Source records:
____________________

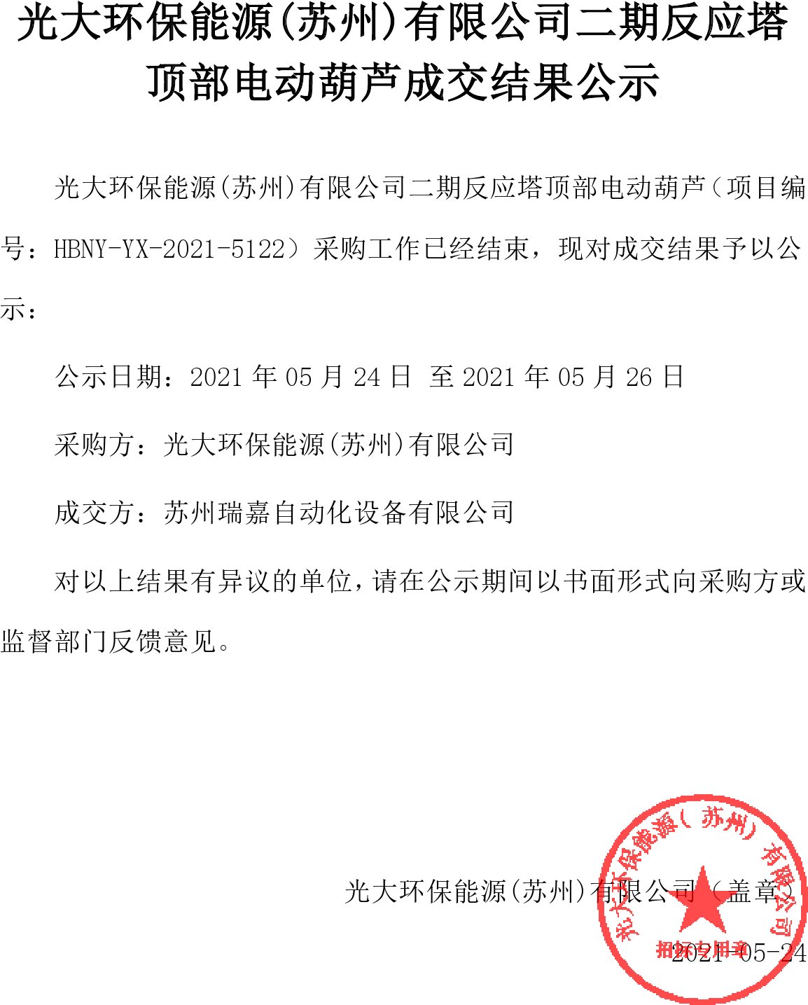 移動版:江蘇:二期反應塔頂部電動葫蘆成交結果公示
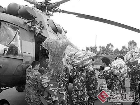 由于受灾较严重的地区均属于偏远高寒山区,通往灾区的道路全部中断,短期之内无法抢通,为及时将灾区急需的大量救援物资送达灾区,楚雄彝族自治州请求省人民政府给予协调直升飞机支援灾区救援。省人民政府接到请求后,协调由成都军区的3架直升机参加支援楚雄州重灾区应急救灾工作。
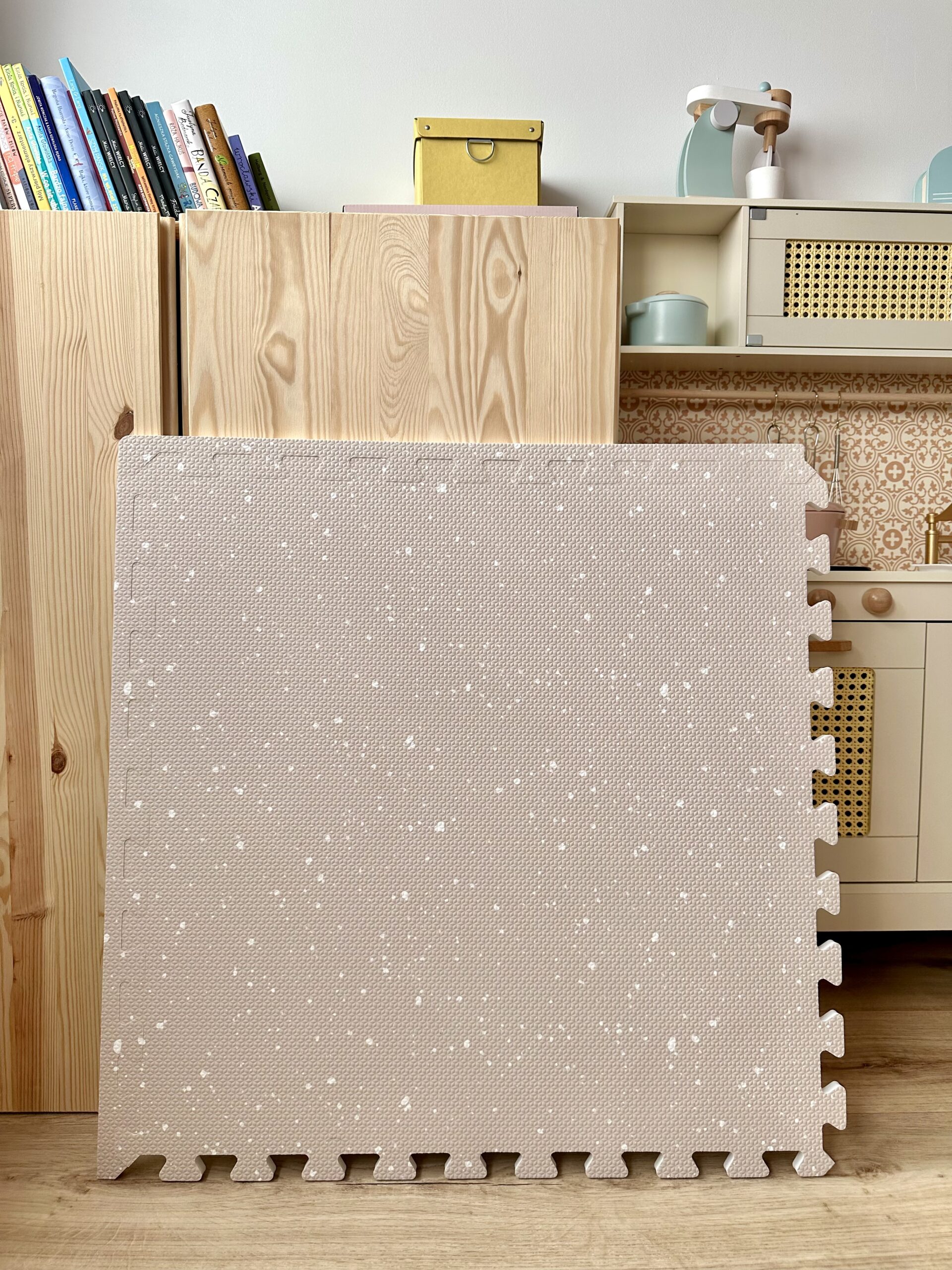 Oferujemy matę piankową w kolorze kawy z mlekiem z delikatnymi kropeczkami, które przypominają atrament. To idealne połączenie naturalnego spokoju i bezpieczeństwa dla Twojego maluszka.
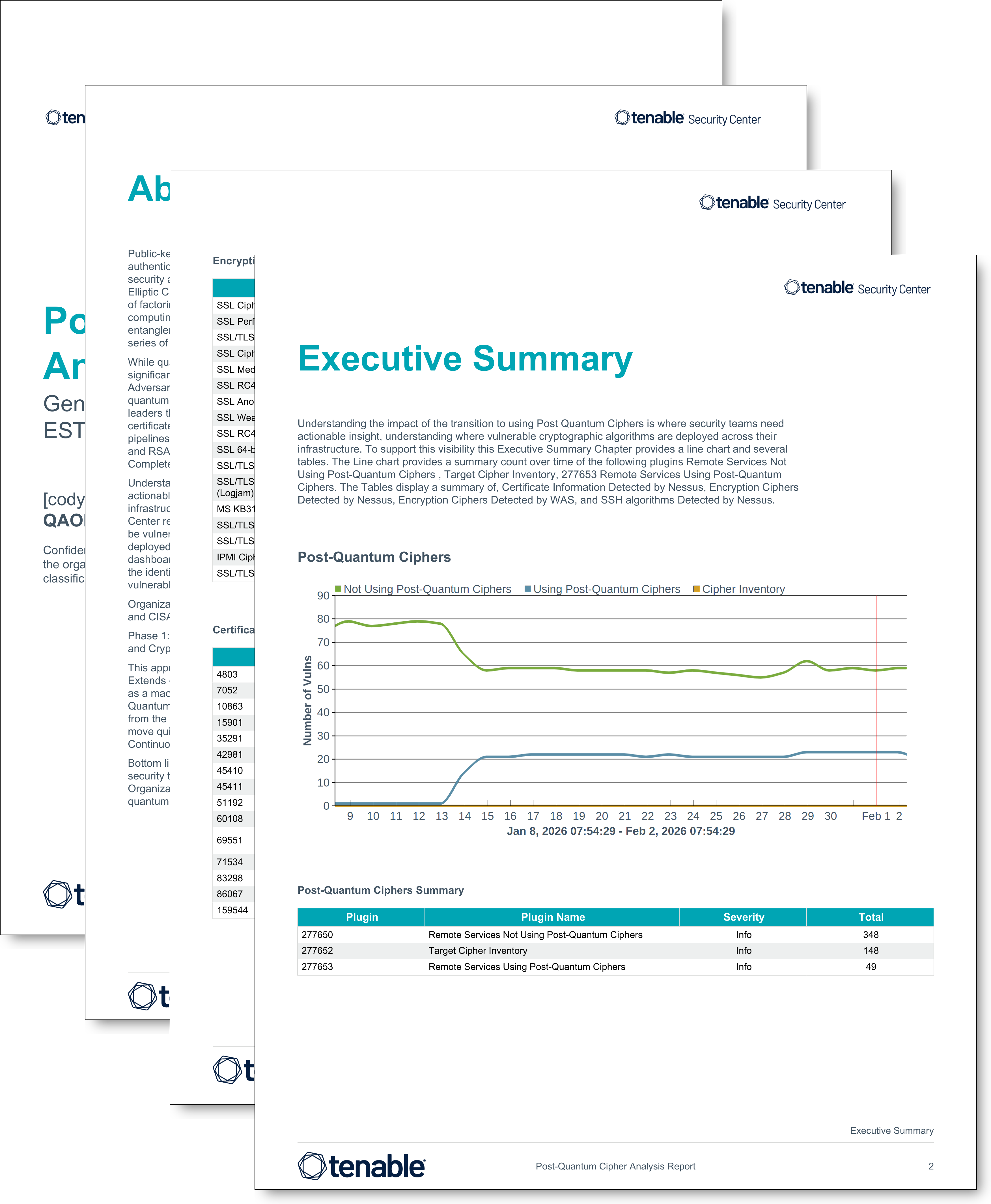 Understanding the impact of the transition to using Post Quantum Ciphers is where security teams need actionable insight, understanding where vulnerable cryptographic algorithms are deployed across their infrastructure. To support this visibility, Tenable provides the Post Quantum Ciphers Dashboard. This Tenable Security Center report is designed to help organizations identify systems relying on cryptographic algorithms that will be vulnerable in a post-quantum world. Key features are the identification where RSA and ECC are currently deployed across your infrastructure, supporting prioritization of modernization efforts. Information within the report assists organizations identify remote services using/not using post-quantum ciphers, including the identification of ciphers in Web Application Scanning (WAS) environments, and identifies potentially vulnerable ciphers, certificates and assets.
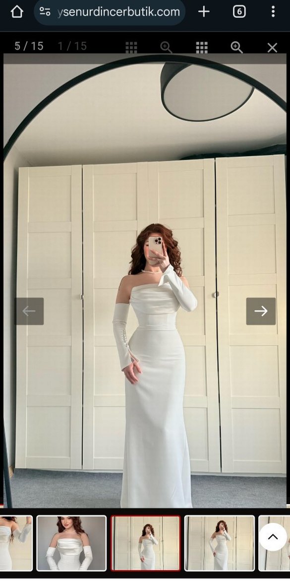 Beyaz, tek kollu, straplez yaka ve vücuda oturan kesimiyle modern klasik stil sunan minimalist gelinlik. Zarif ve şık bir siluet sağlar.
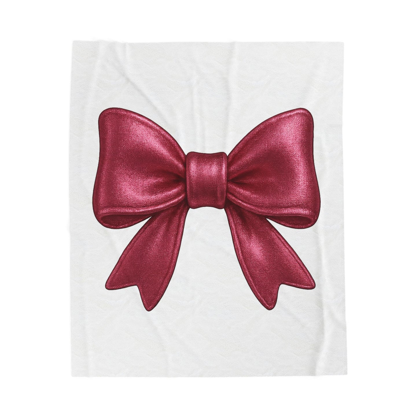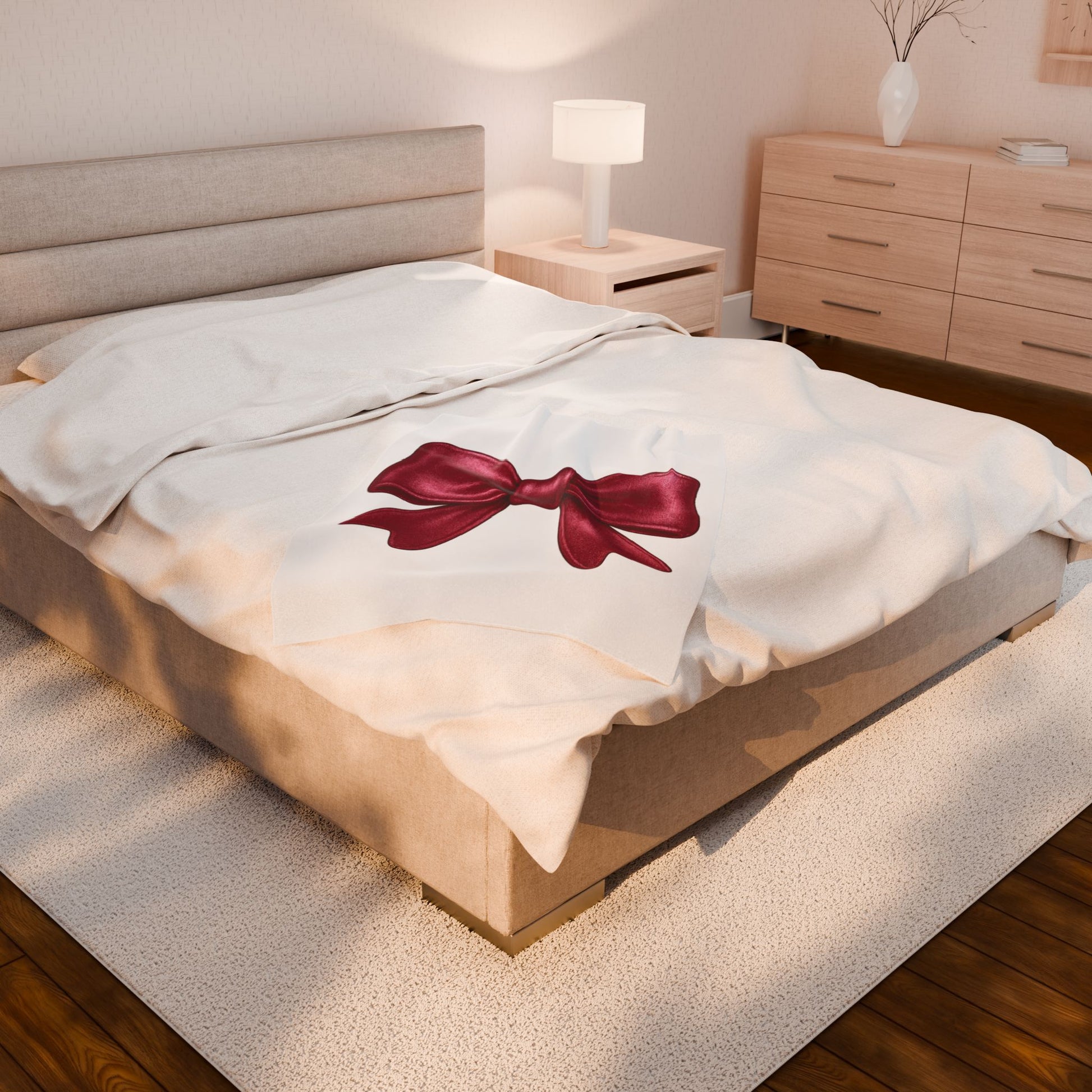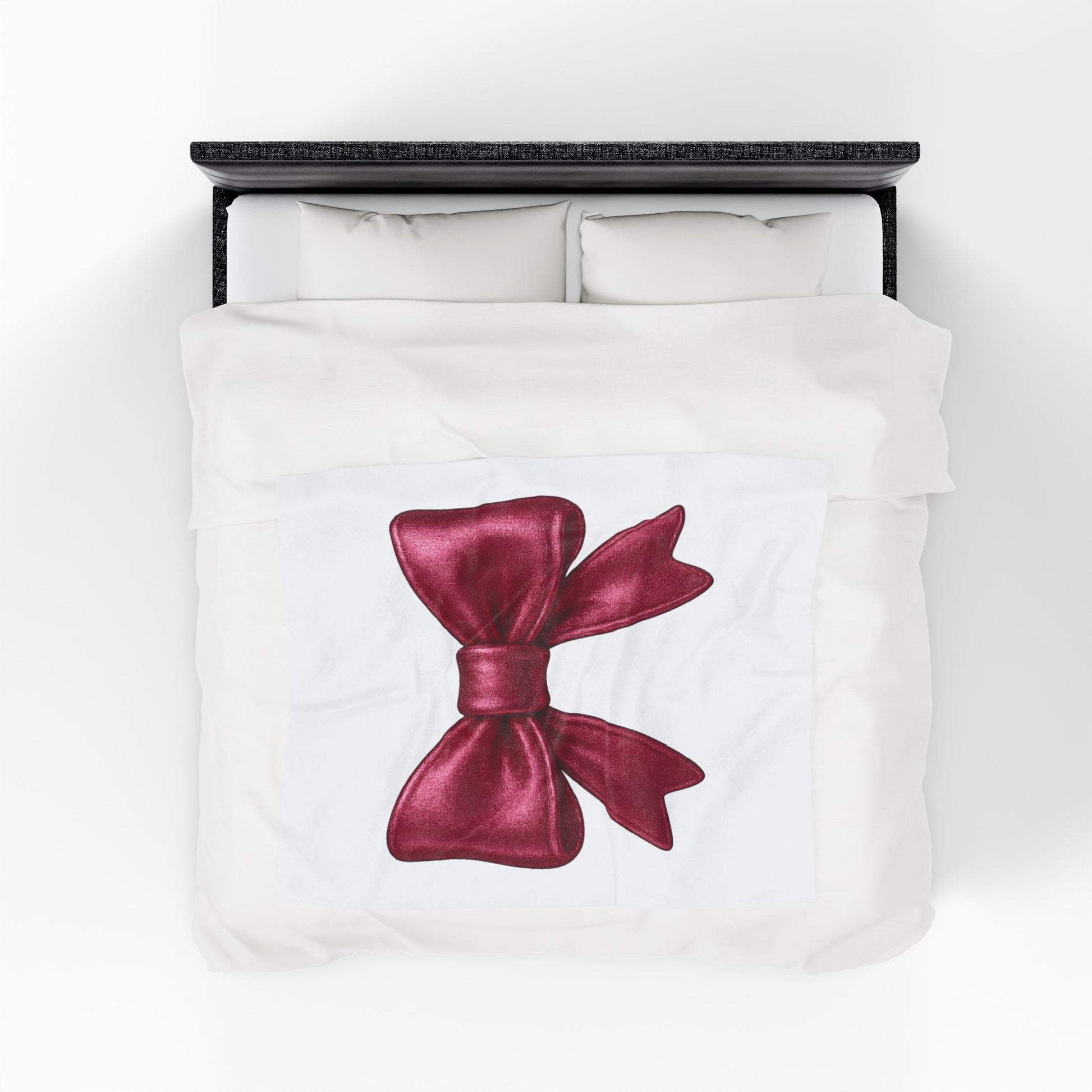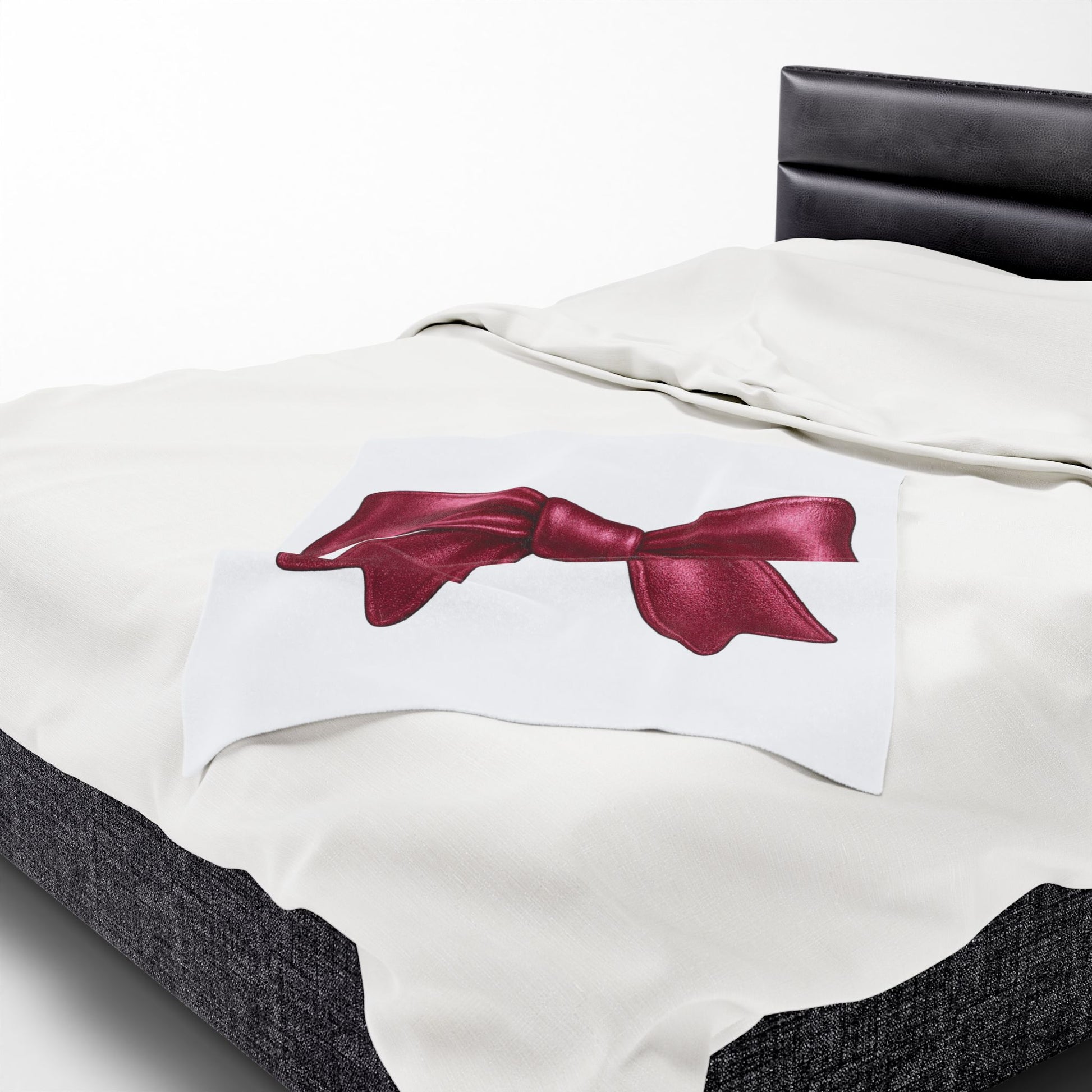 Coquette Bow Blanket – Burgundy Ribbon Throw Blanket, Girly Aesthetic Gift, Soft Cozy Bed or Couch Decor

____________________

_TASK OBJECTIVE_: The answer must be the lines from the first one in the records through the line containing "Oferujemy matę piankową", copied exactly, with no pictures.

_EXERCISE ANSWER_:
 移動版:江蘇:二期反應塔頂部電動葫蘆成交結果公示
 由于受灾较严重的地区均属于偏远高寒山区,通往灾区的道路全部中断,短期之内无法抢通,为及时将灾区急需的大量救援物资送达灾区,楚雄彝族自治州请求省人民政府给予协调直升飞机支援灾区救援。省人民政府接到请求后,协调由成都军区的3架直升机参加支援楚雄州重灾区应急救灾工作。
 Oferujemy matę piankową w kolorze kawy z mlekiem z delikatnymi kropeczkami, które przypominają atrament. To idealne połączenie naturalnego spokoju i bezpieczeństwa dla Twojego maluszka.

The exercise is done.